- Directed by: William Gazecki
- Written by: William Gazecki Dan Gifford Michael McNulty
- Starring: Dan Gifford (narration)
- Distributed by: Somford Entertainment
- Release date: September 19, 1997;
- Running time: 136 minutes
- Country: United States
- Language: English

= Waco: The Rules of Engagement =

Waco: The Rules of Engagement is a 1997 documentary directed by William Gazecki about the 1993 Waco siege, a 51-day standoff beginning with the February 28 Bureau of Alcohol, Tobacco and Firearms assault on the Branch Davidian church and home outside of Waco, Texas, and ending with the April 19 Federal Bureau of Investigation assault on the building. Following the assault, the building caught fire, killing the remaining inhabitants.

==Production==
The film was spearheaded by gun rights activist turned filmmaker Michael McNulty, who spent twenty-eight months and $400,000 developing the film. Later former CNN business news reporter Dan Gifford and his wife Amy Sommer Gifford came in as co-producers, supplying almost another one million dollars. Director William Gazecki joined McNulty in traveling the country to interview and film participants for the film.

==Summary==
The resultant film, with Dan Gifford narrating, combined FBI negotiation tapes, Davidian home videos, footage from Congressional hearings on Waco, and extensive interviews with Davidian survivors, representatives of law enforcement, independent investigators, scholars and scientists. The film painted a dark picture of law enforcement actions, accusing FBI agents of shooting into the building at Davidians on April 19.

==Reception and legacy==
The film was unveiled at the Sundance Film Festival on January 25, 1997.

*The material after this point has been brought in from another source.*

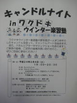 2月4日(土)〜5日(日)にセンターの主催事業「ワクドキウインター楽習塾」が開催されます。その事業の中で「キャンドルナイトinワクドキウインター楽習塾」を実施します。内容は小学生がオリジナルキャンドルを作って、大きなキャンドルアートを描きます。また、センター学習ボランティア「若杉の会」のブラックパネルシアターやMr.kooのマジックショーなども行う予定です。日時は2月4日(土)19:00〜20:30です。参加費は無料で事前の申し込み等は必要ありません。ぜひご自由に参加ください。お待ちしております!(まあちゃん)

It won a News & Documentary Emmy Award for Outstanding Investigative Journalism and was nominated for an Academy Award for Best Documentary Feature.

Because of a falling out between Michael McNulty and Dan and Amy Gifford, different cuts of this documentary have been produced. The version available today on video is a 135-minute cut. Michael McNulty would go on to make Waco: A New Revelation released in 1999 and The F.L.I.R. Project released in 2001.

The film was released on DVD by New Yorker Video on December 9, 2003.